Native American Tribes & the Indian History in Waterville, Pennsylvania
Ages before the terms Native American or Indian were necessary, the tribes were spread throughout the Americas. Before any white man set foot on this territory, it was settled by the forefathers of bands we now call Sioux, or Cherokee, or Iroquois.
[ssad ssadblk=”Book choice”]For centuries, the American Indian developed its culture and heritage without disturbance. And that history is captivating.
From Mayan and Incan ruins, from the mounds left in the central and southern parts of what is now the U.S. we have learned plenty. It’s a tale of beautiful art and deep spirituality.
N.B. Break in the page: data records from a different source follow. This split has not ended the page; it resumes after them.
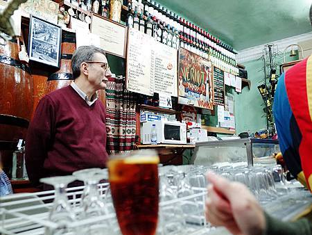 那麼為何還能留在心頭成為「心頭好」呢?因為老店就像是一顆時空膠囊,裡頭混合了牆上看盡盈虛的老酒瓶老塵埃、好幾世人客摩肩接踵的塵世喧嘩、以不變應萬變的草藥酒、親切機靈但不多話擾人的老酒保,也就組成了馬德里最迷人的陳腐氣味-馬德里的靈魂啊!至少我是這麼覺得的!
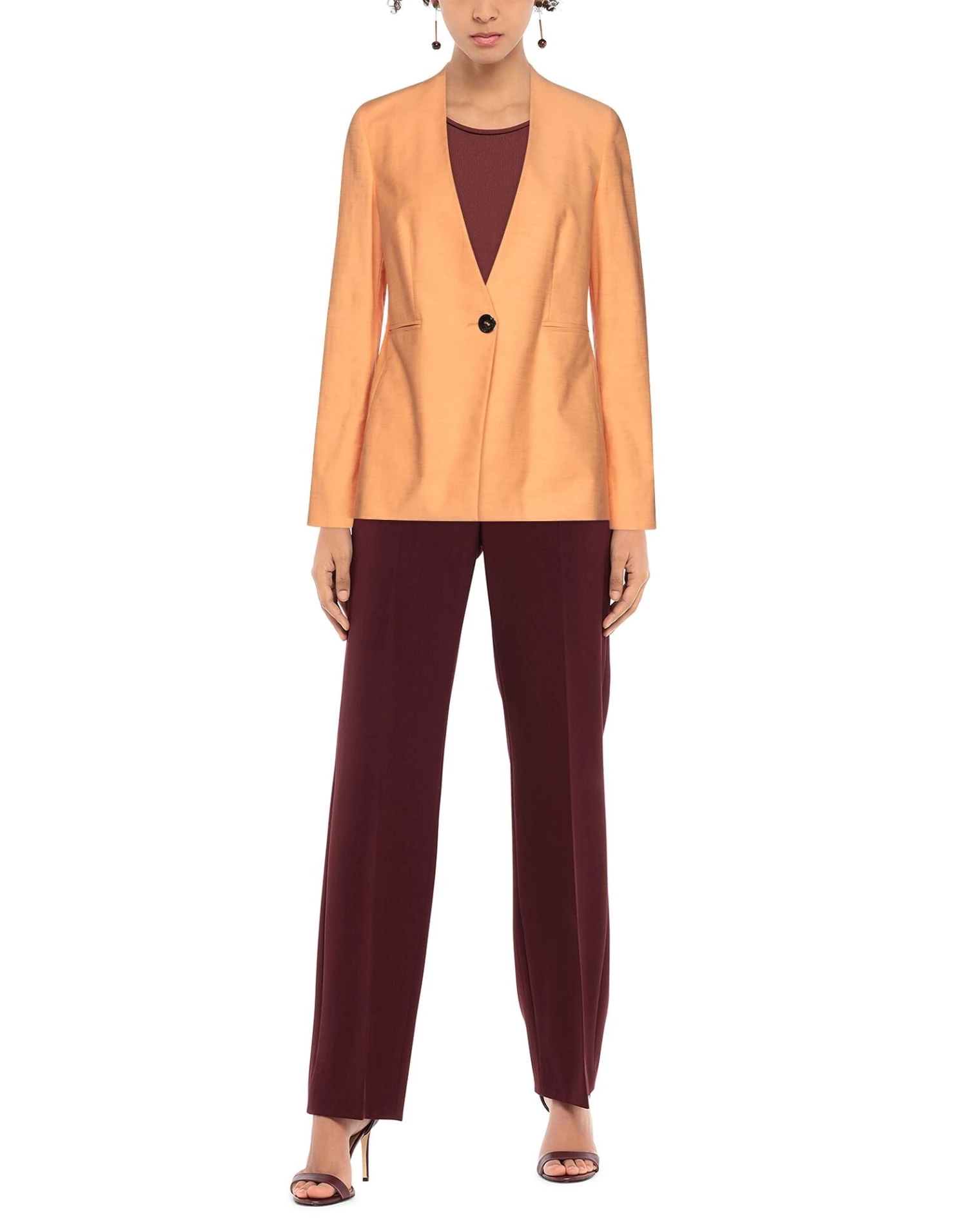 plain weave, no appliqués, solid color, v-neck, single-breasted , long sleeves, fully lined, 1 button, multipockets, with shoulder pad, stretch
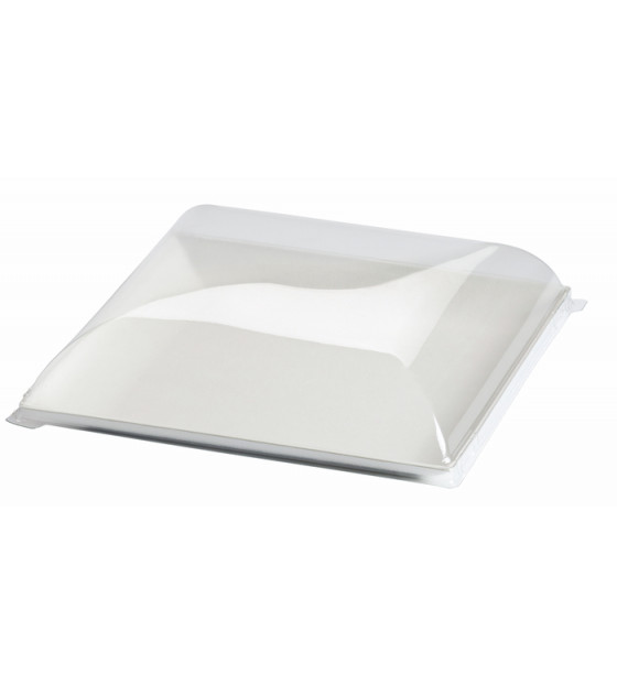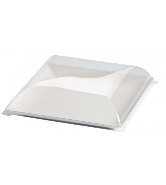 Couvercle transparent en rPET (recyclé et recyclable) d'une hauteur de 4 cm, adapté à l'assiette bagasse carrée de la gamme Komodo AK180
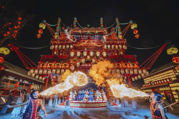 6月2日晚,演员在河北省唐山市丰南区河头老街景区为游客演出。
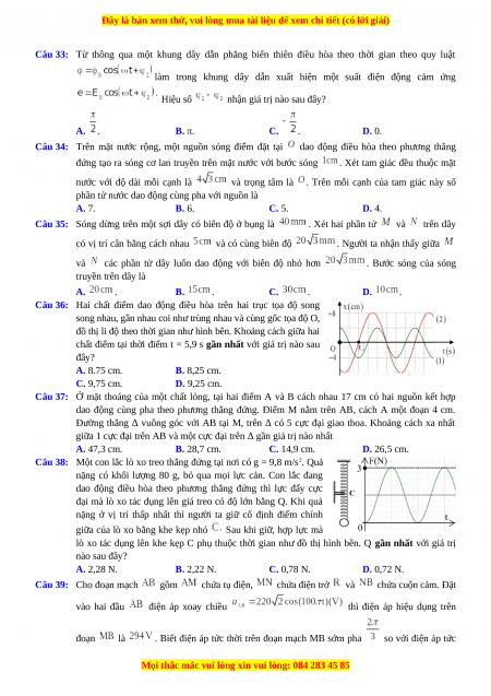 Câu 33: Từ thông qua một khung dây dẫn phẳng biến thiên điều hòa theo thời gian theo quy luật
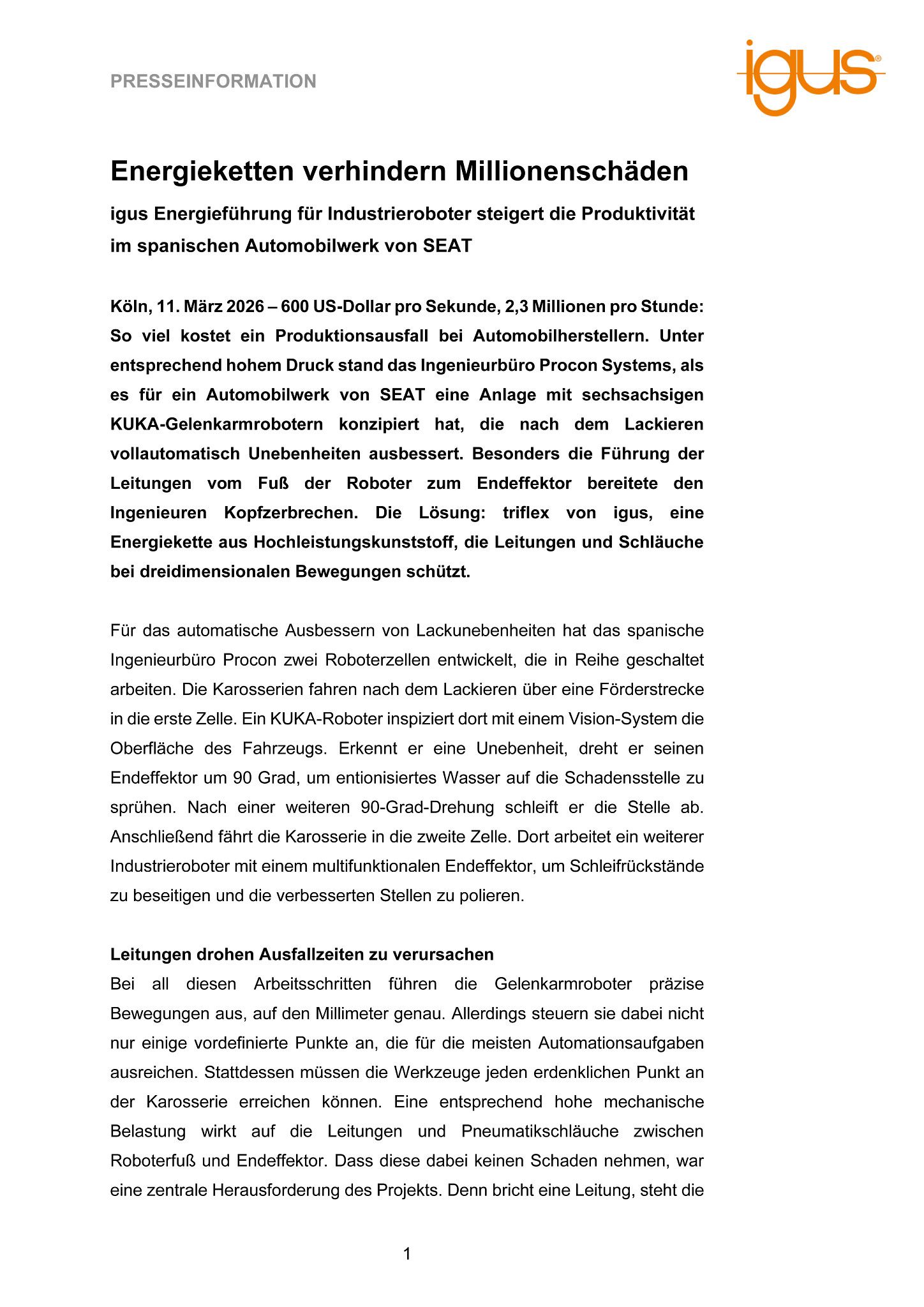 Köln, 11. März 2026 – 600 US-Dollar pro Sekunde, 2,3 Millionen pro Stunde: So viel kostet ein Produktionsausfall bei Automobilherstellern. Unter entsprechend hohem Druck stand das Ingenieurbüro Procon Systems, als es für ein Automobilwerk von SEAT eine Anlage mit sechsachsigen KUKA-Gelenkarmrobotern konzipiert hat, die nach dem Lackieren vollautomatisch Unebenheiten ausbessert. Besonders die Führung der Leitungen vom Fuß der Roboter zum Endeffektor bereitete den Ingenieuren Kopfzerbrechen. Die Lösung: triflex von igus, eine Energiekette aus Hochleistungskunststoff, die Leitungen und Schläuche bei dreidimensionalen Bewegungen schützt.

Archaeologists have unearthed highly advanced structures and public works.
While there was inescapable tribal conflict, that was nothing more than a slight blemish in the experience of our forebears. They were at peace with this beautiful continent and deeply plugged into nature.
The European Settler Arrives
When European leaders dispatched the first ships in this direction, the goal was to discover new resources – but the quality of environment and the bounty of everything from timber to wildlife soon changed their tune. As those leaders learned from their explorers, the drive to colonize spread like wildfire.
The English, French and Spanish raced to carve up the “New World” by shipping over poorly prepared colonists as fast as they could. Initially, they skirmished with the surprised Indians of America’s eastern seaboard. But that ultimately gave way to trade, since the Europeans who came ashore here learned that their survival was doubtful without native help.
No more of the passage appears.